Secretary of the Interior
- In office 11 November 1969 – 30 November 1976
- President: Gustavo Díaz Ordaz Luis Echeverría
- Preceded by: Luis Echeverría
- Succeeded by: Jesús Reyes Heroles

Personal details
- Born: 14 June 1933 Mexico City, Mexico
- Died: 9 October 2006 (aged 73) Mexico City, Mexico
- Party: Institutional Revolutionary Party
- Alma mater: National Autonomous University of Mexico

= Mario Moya Palencia =

Mexican politician and diplomat (1933–2006)

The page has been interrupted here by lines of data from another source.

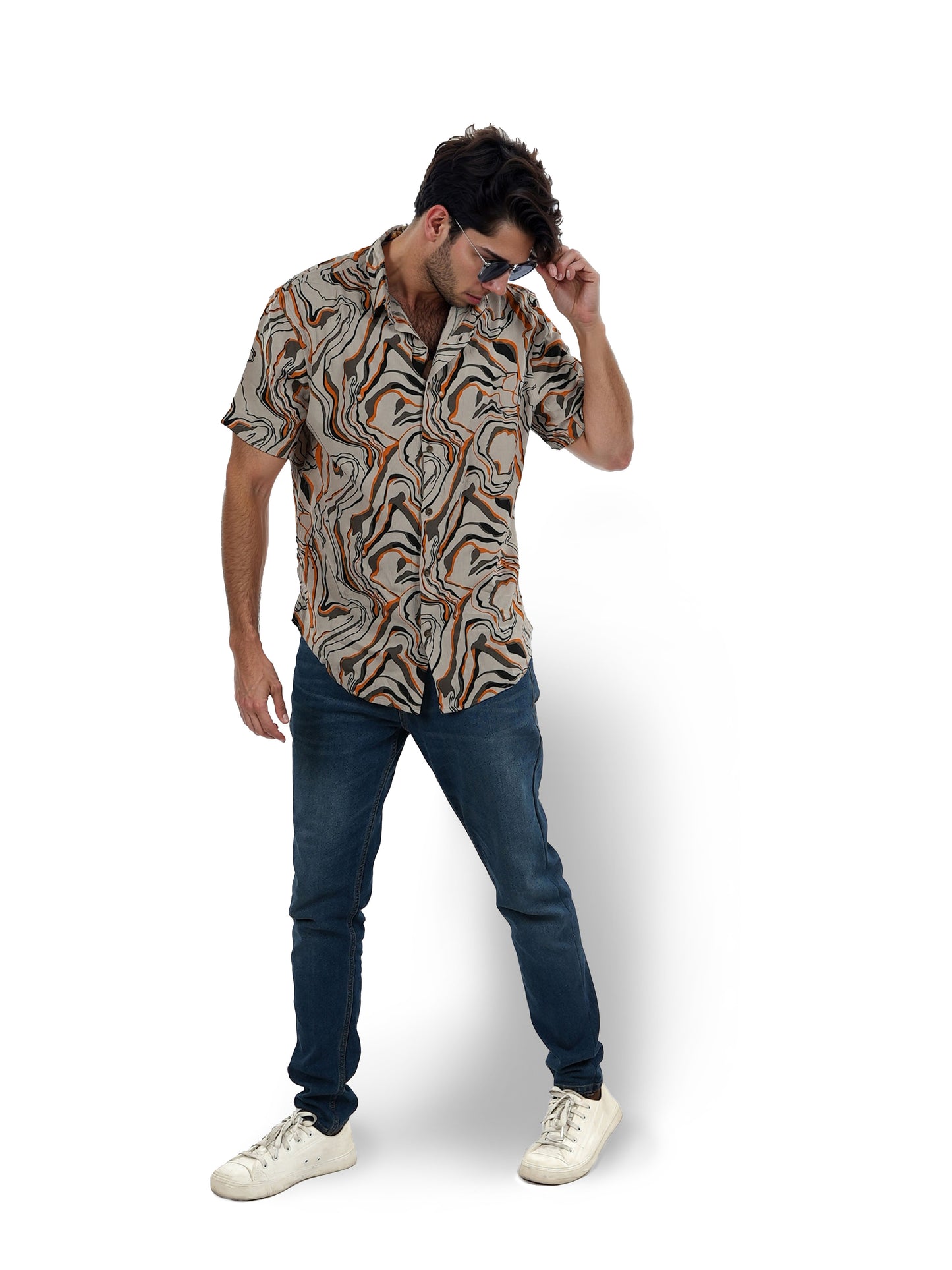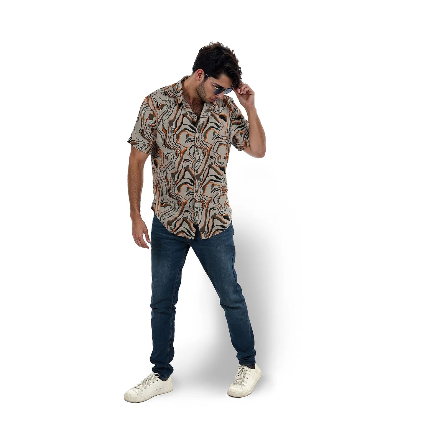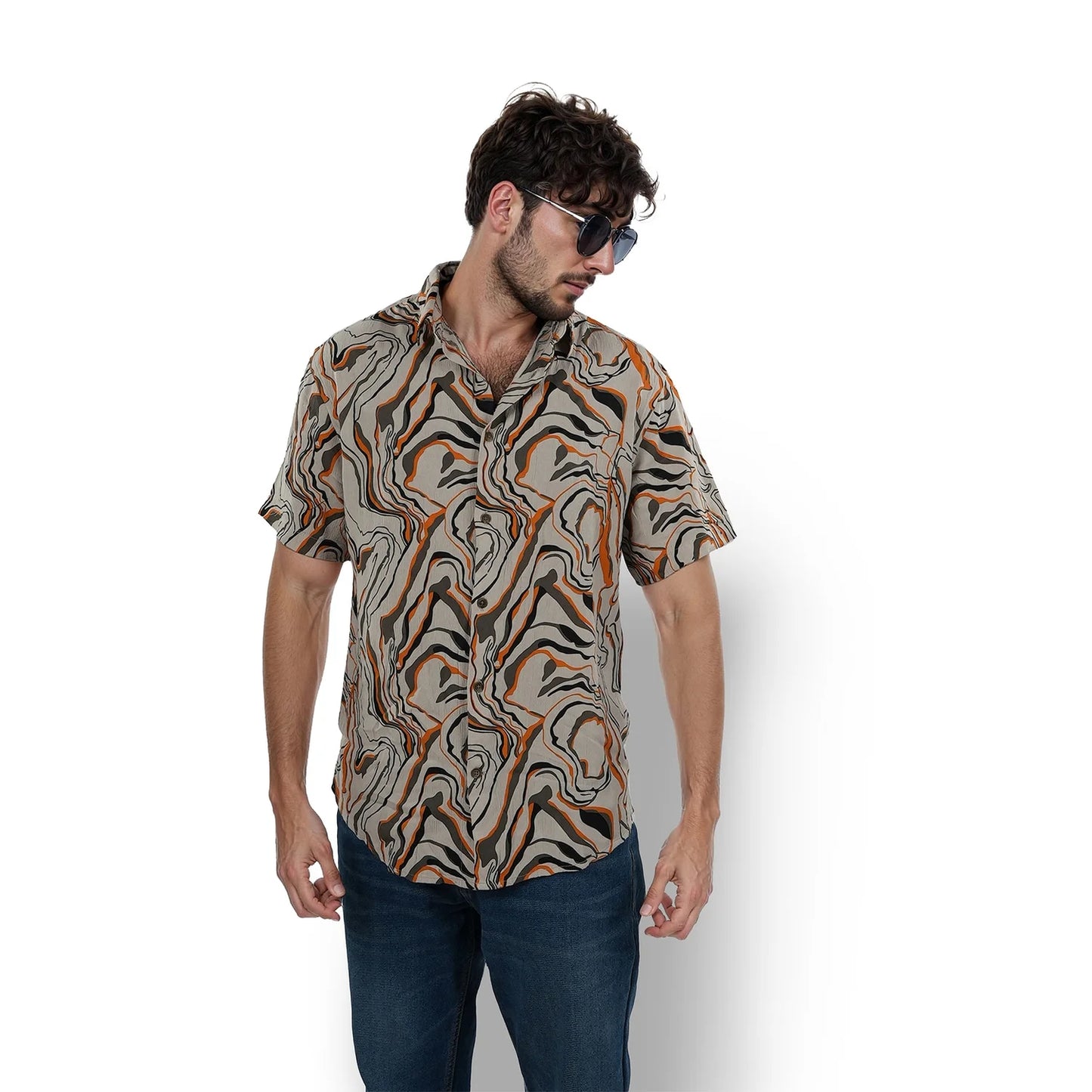 Elevate your casual wardrobe with this soft touch taupe shirt from Celio. Crafted in viscose rayon, it features a stylish spread collar and short sleeves for a relaxed look. Disclaimer: All other items in the image are only for display purposes and will not be a part of the delivery content. Product colour may slightly vary due to photographic lighting sources. Country of Origin - India.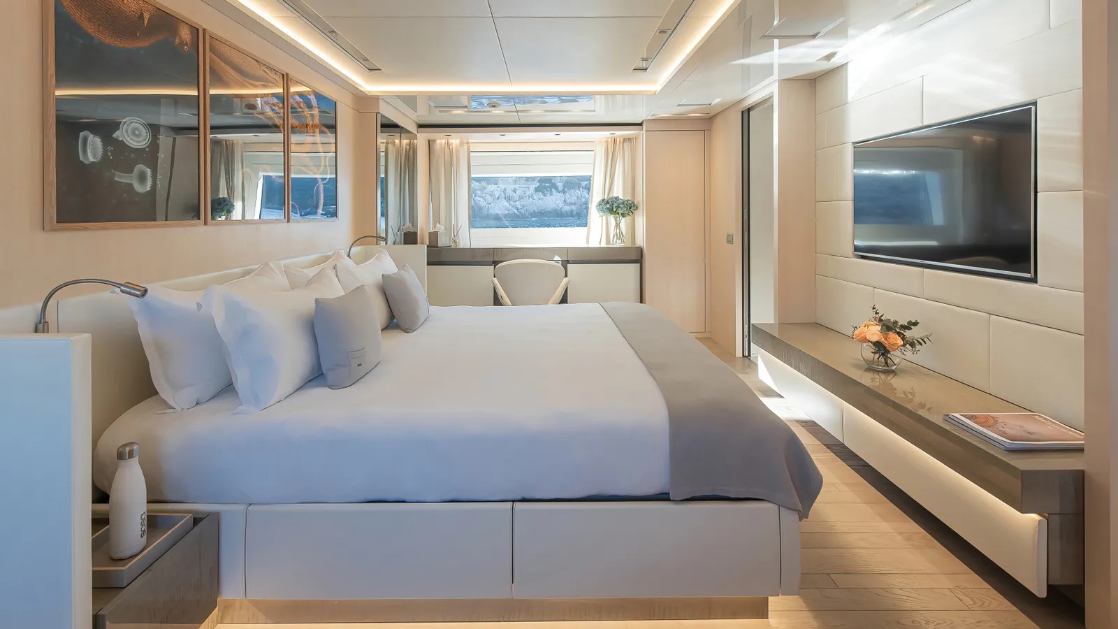 The Master suite is forward on the main deck, followed by the galley to port and main foyer with day head to starboard.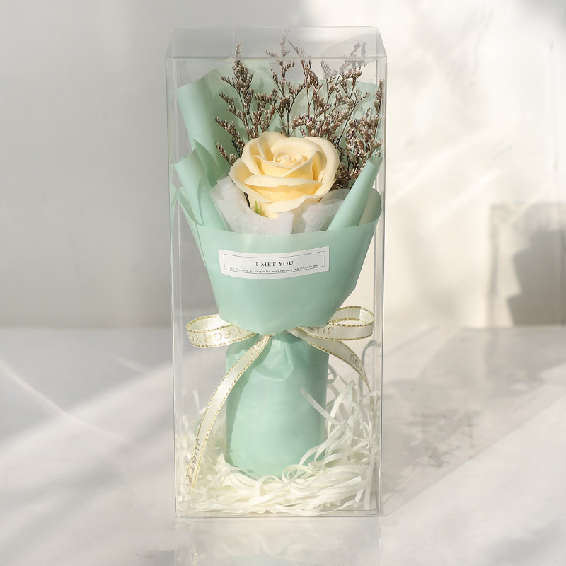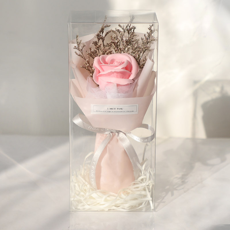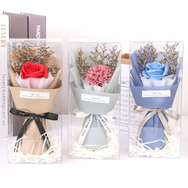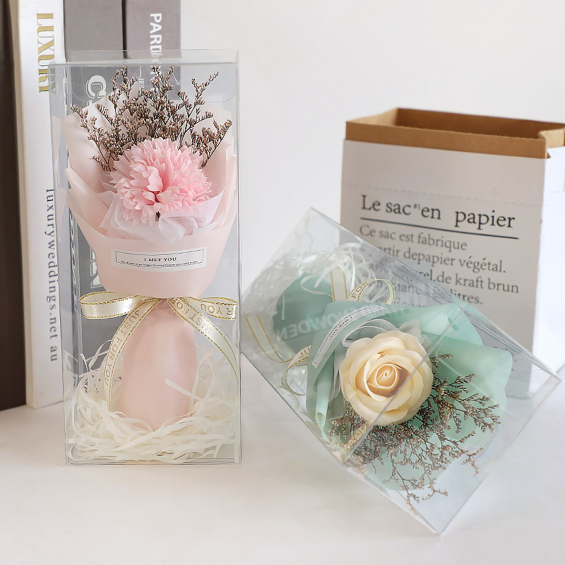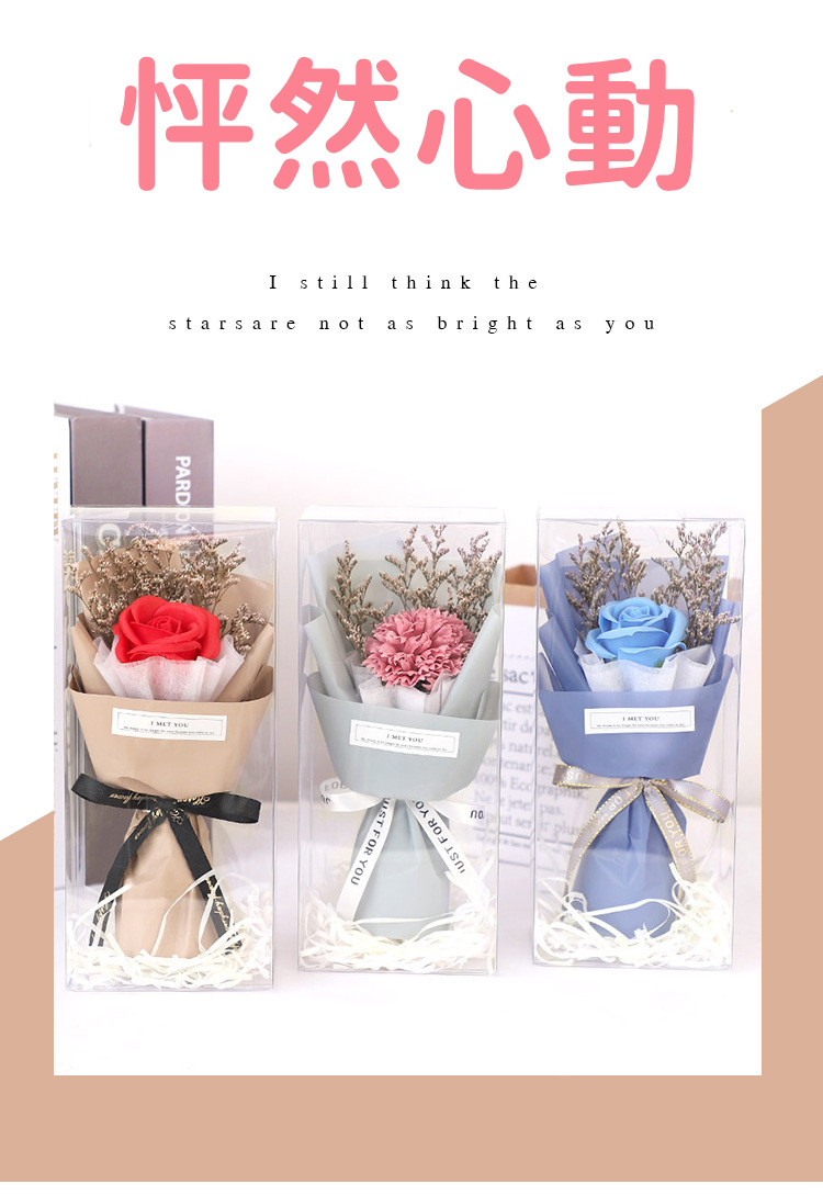 【買一送一】【怦然心動】【法式香皂玫瑰拉菲草禮盒】精緻純手工法式浪漫超逼真香皂永生花玫瑰康乃馨拉菲草PVC禮盒組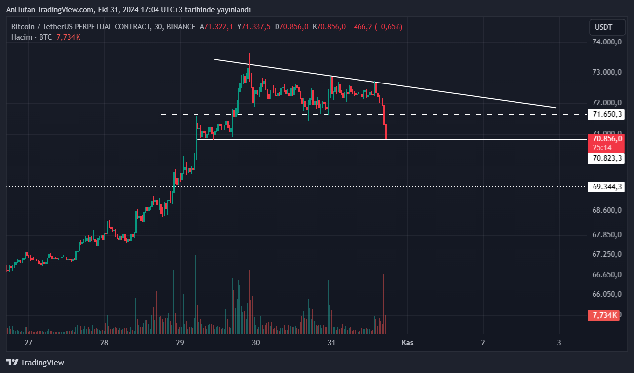 Bu satış baskısı sonucunda bir süredir üzerinde kaldığı 71.650 dolar desteğini de kaybeden BTC, 70.800 dolar desteğine kadar bir düşüş yaşadı.

Mario Moya Palencia (14 June 1933 - 9 October 2006) was a Mexican politician and diplomat affiliated with the Institutional Revolutionary Party (PRI).

== Early life ==
Mario Moya Palencia was born in Mexico City on 14 June 1933. He received a bachelor's degree in law from the National Autonomous University of Mexico (UNAM), where he undertook some postgraduate studies in Mexican history.

== Career ==

=== In law and politics ===
After working as a lawyer and journalist until 1959, he joined the Institutional Revolutionary Party (PRI). He subsequently held several government positions, including head of the Federal Zone Department and deputy director of real estate assets at the Secretariat of National Patrimony. He later served as Director General of Cinematography at the Secretariat of the Interior from 1964 to 1968, followed by roles as president and director general of Productora e Importadora de Papel (PIPSA). In 1969, he was appointed Undersecretary of the Interior, and from 1970 to 1976 he served as Secretary of the Interior.

=== Diplomatic career ===
Moya Palencia began his diplomatic career in 1985 as Mexico's permanent representative to the United Nations, a position he held until 1989. He later served as an ambassador to Cuba from 1991 to 1993. In addition, he also served as an ambassador to Italy and was appointed as a special envoy to Central America and the Caribbean to promote regional cooperation programs.

=== Professor of law ===
In addition to his political and diplomatic career, Moya Palencia was a professor of constitutional law at UNAM and taught Mexican electoral law at the PRI’s Institute for Political Training. He also served as director general of Organización Editorial Mexicana from 1977 to 1979 and of National Tourism Development Fund (FONATUR) from 1979 to 1982.

=== El Halconazo ===
He was among several former officials, including former president Luis Echeverría, who were accused of orchestrating the El Halconazo, a student massacre that occurred on 10 June 1971. Moya Palencia and ten other public officials were criminally charged during the Mexican dirty war. In 2005, a federal judge declined to issue arrest warrants against Moya Palencia and the others, ruling that the statute of limitations had expired for the massacre accusations.

== Death ==
Mora Palencia died on 9 October 2006 of a heart attack.

== Honours ==
He received the French Legion of Honour.